Он спросил это так внезапно, что я и опомниться не успела, как ответила:
— Это мой тесть устроил.
— Ваш тесть? Кто он был?
— Старый Том, музыкант. Еще он был портным в Слайго.
— То есть в городе?
— Нет, в самом приюте.
— Вы были в приюте в то время, когда там работал ваш тесть?
— Да.
— Понятно.
— Мать, кажется, тоже там была, но этого я не помню.
— Она там работала?
— Нет.
— Была пациенткой?
— Не помню. Честное слово, не помню.
О, я знала, как ему хочется спрашивать еще и еще, но, надо отдать ему должное, делать он этого не стал. Наверное, очень уж хороший рыбак.
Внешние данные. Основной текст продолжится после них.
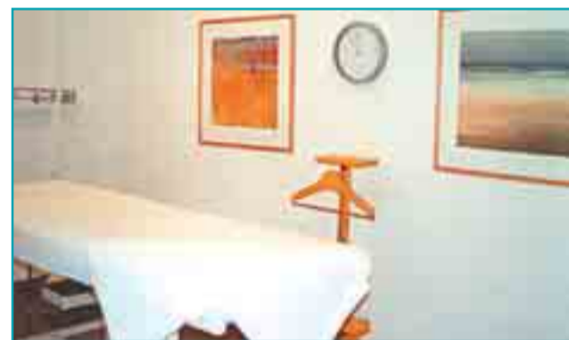
HoloVital té unes modernes instal·lacions al mateix centre de la ciutat de Girona.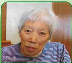
風和の里 作中和子様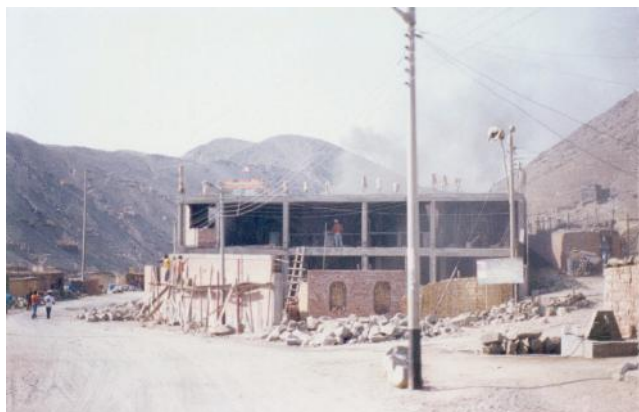
Figura 7: En esta fotografía podemos observar el mismo Local Comunal después de años (2005) y claramente se observa el crecimiento poblacional mayor número de invasores y el servicio de transporte público aumenta, así como la presión por servicios básicos.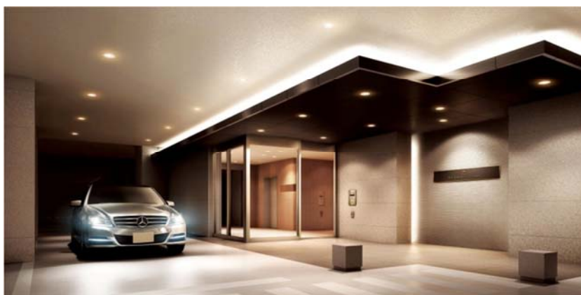
▲コーチエントランス（車寄せ）完成予想CG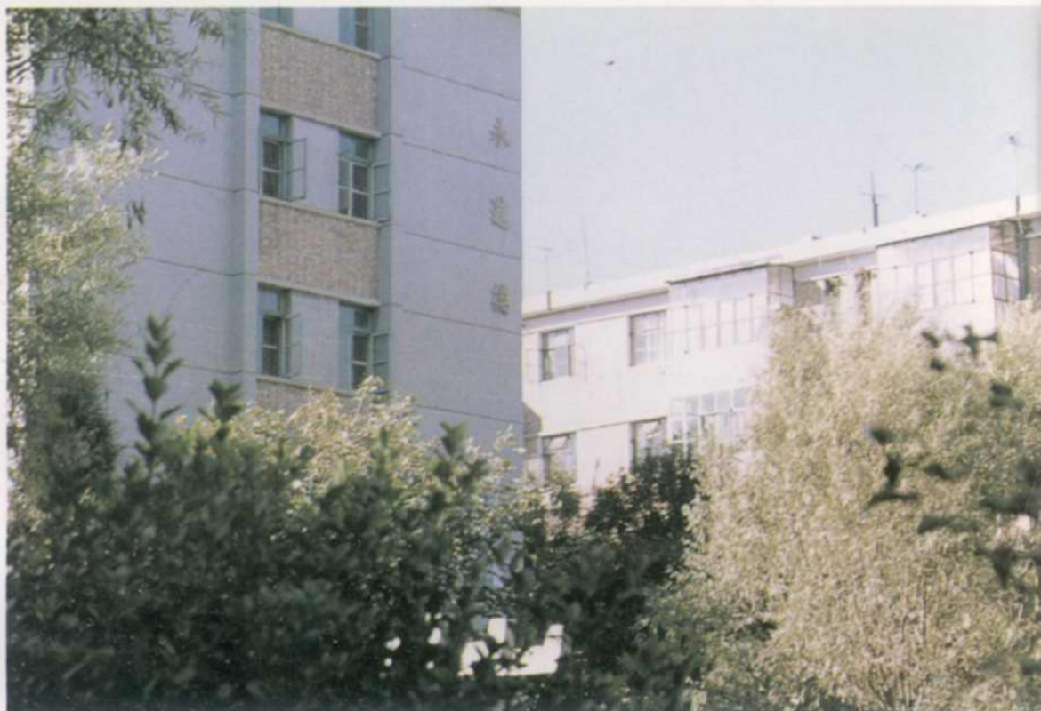
咸阳北路住宅小区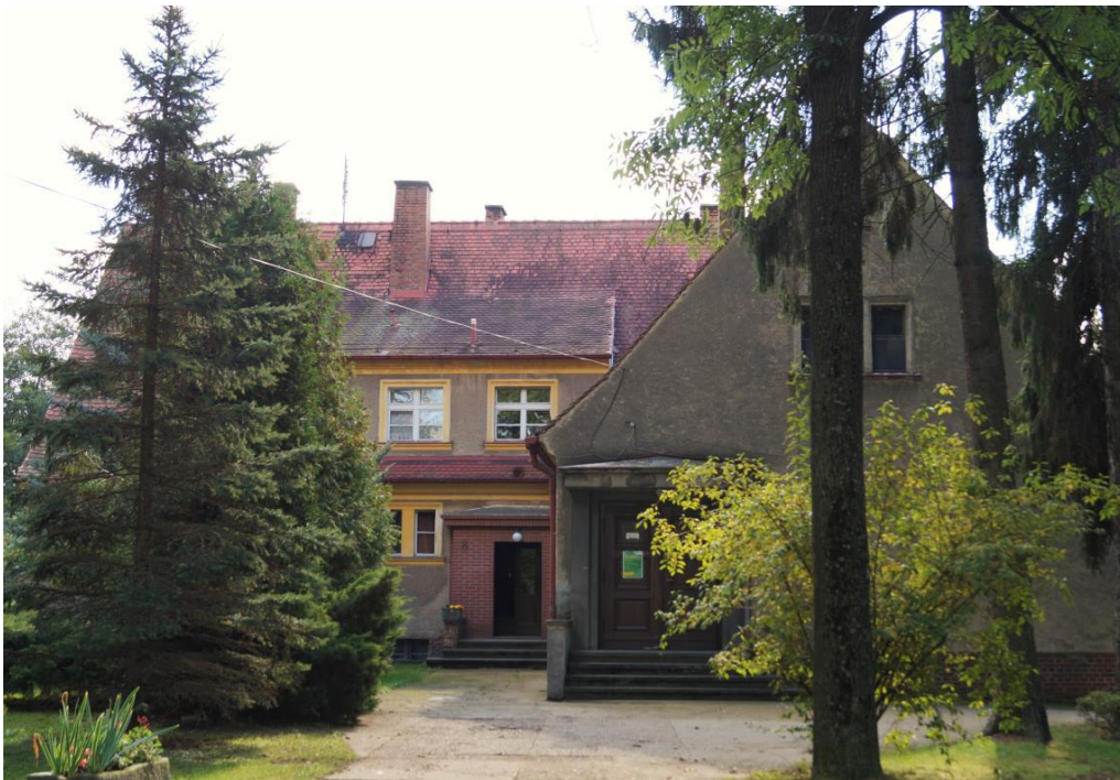
Szkoła, obecnie świetlica wiejska

Если видишь, как лосось прыгнул, то уж точно ни одного больше не поймаешь. Можно идти домой.
— Я совсем не желаю пугать вас, — сказал он вдруг ни с того, ни с сего. — Нет-нет, таких намерений у меня нет. Должен признать, Розанна, мы вас все здесь очень уважаем, очень.
— Уж не думаю, что я это заслужила, — ответила я, вдруг покраснев от стыда. От сильнейшего стыда. Как будто какой источник расчистили от нападавших туда весной листьев и веток, и вода вдруг как рванет с места. Стыд, болезненный стыд.